The dictionary definition of insanity is being deranged or unsound of mind enough to be divorced from reality and thus responsibility. Which nicely demonstrates the root of the problem with our current public discourse – it is Einstein Nutters versus Webster Loons.
Someone needs to impose some Nurse Ratched-level tough love on the world, so here I am, with math.
Back in January, I applied Bayesian reasoning (probabilistic thinking) to relationships, in order to get a better understanding of how illogical I often am in matters of the heart. It was fun! And I started to notice something quite interesting about the math, something that has been increasingly relevant as the clash between Science and Faith has escalated.
To recap: Bayesian reasoning is a process that involves estimating the likelihood of things, then reassessing that likelihood with each new piece of information. In short – and I know this is a dirty word – Bayesian thinkers evolve their ideas over time, getting ever closer to understanding.
If this sounds familiar, it is because probabilistic thinking is how we learn. Hey, that thing on the stove is shiny and pretty – I bet it will feel good too. Ouch. Nope. That did not feel pretty. Maybe pretty things don’t always feel good. Hey, that tiger over there is really beautiful. Maybe this time… and so on. Eventually, we get a feel for the odds (or die).
The formula representing this process – Bayes’ Theorem – is simply a mathematical expression of logic at work. It centers on three variables: our original level of certainty about something (x), the probability of this new info (Ouch) if that something is true (y), and the probability of this new info if that something is not true (z). That’s it!

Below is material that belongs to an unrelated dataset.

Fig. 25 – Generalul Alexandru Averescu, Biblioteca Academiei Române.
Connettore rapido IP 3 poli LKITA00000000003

When we reassess in the face of new information, we simply multiply our original level of certainly by the probability that our theory is still true (xy), then divide that by all possibilities – our original certainly (x) times the probability of true (y) PLUS our original uncertainty (1-x) times the probability of the theory being false (z). In math, that reads: (xy) / [(xy) + (1-x)z]
That’s the worst of it, I promise. What I find most interesting is how the impact of new information changes the more confident we are at the outset. Let me demonstrate with an example involving something totally uncontroversial right now: birth control.

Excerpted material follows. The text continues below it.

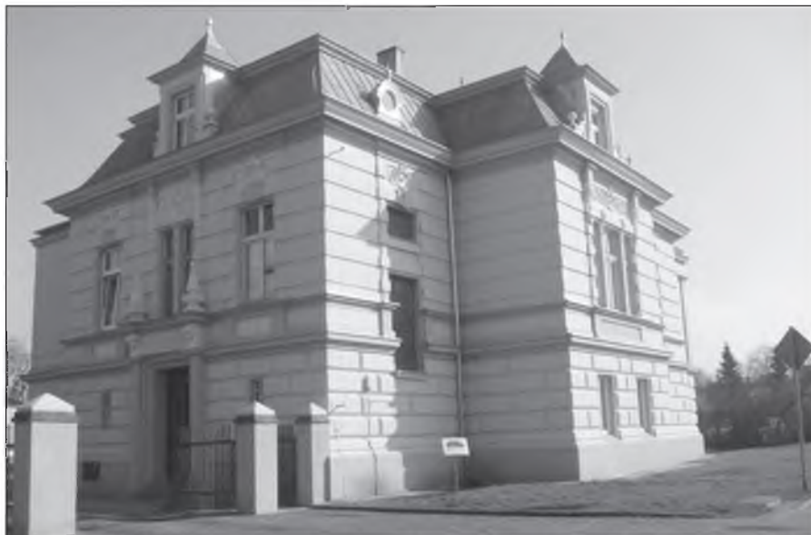
Il. 4. Willa Wilczewskiego we Wronekach. Pocztówka ze zbioru Muzeum w Szamotułach

Take two people, one who is super confident that I am a good little girl who keeps her knees closed (we’ll call him “My Dad”), and another who is willing to bet the farm that I am a total slut (“Rush Limbaugh”). They are both men, because involving a woman in a conversation about birth control would be ridiculous. Now, what happens to their respective outlooks when we introduce a new piece of information into their worlds: my use of birth control?
My Dad starts out with only 10% concern that I am a floozy (x=.1), while Rush is 90% sure I am sex crazed, since I am unmarried (x=.9). Variable y is the probability that I would use birth control if I am indeed a slut, which is clearly about 95% – who else would use birth control? Variable z is the probability that I would use it if I am not. Since women are either virgins or whores, that’s maybe 5%.
When we plug those probabilities into the formula, we see that My Dad, who is faced with contradictory information, skyrockets to a new 68% certainty that I am a daughter of questionable morals. As for Rush, he goes from 90% sure to 99% sure I am easy. Had we presented them with opposite information – like a purity ring on my finger – My Dad’s fears of parental failure would have dropped from 10% to .6%, and Rush would suddenly have to grapple with a mere 32% chance of my nymphomania.
Of course, my probabilities here are extreme, but the formula holds. The more confident we are in a theory at the outset, the more devastating contrary information becomes. As it should be! If we truly think an outcome is “inconceivable” and then it happens, we either have to admit that we were very likely wrong, or accept that the word “inconceivable” does not mean what we think it means.
But a funny thing happens when confidence becomes absolute certainty: new information loses all impact. When x=1 (we are 100% sure of something), the formula reduces to y/(y+0z), which equals 1 no matter what y and z are. When x=0 (“Inconceivable!”), the fraction becomes 0/(0+z), which is always zero.
In other words, there is no amount of evidence, experience, or new information that will change the mind of someone who has absolute certainty. Proving once and for all with math that there is no arguing with believers. (Or Beliebers – ugh.)
If you got this far, you are probably tired, because math is hard. Not in the sense that it requires a Y-chromosome (I’m looking at you, Larry Summers), but in the sense of hard work. Math is work; logic is work; being open minded requires the effort of reassessment. Faith, on the other hand, is easy. Not real faith, as defined in the dictionary (“belief in something for which there is no proof”), but the Faith demonstrated too often these days: belief despite all evidence of any kind.
You want the kicker? Thomas Bayes, from whom Bayesian reasoning gets its name, was an 18th-Century minister. I think it’s time for the universe to eat itself now.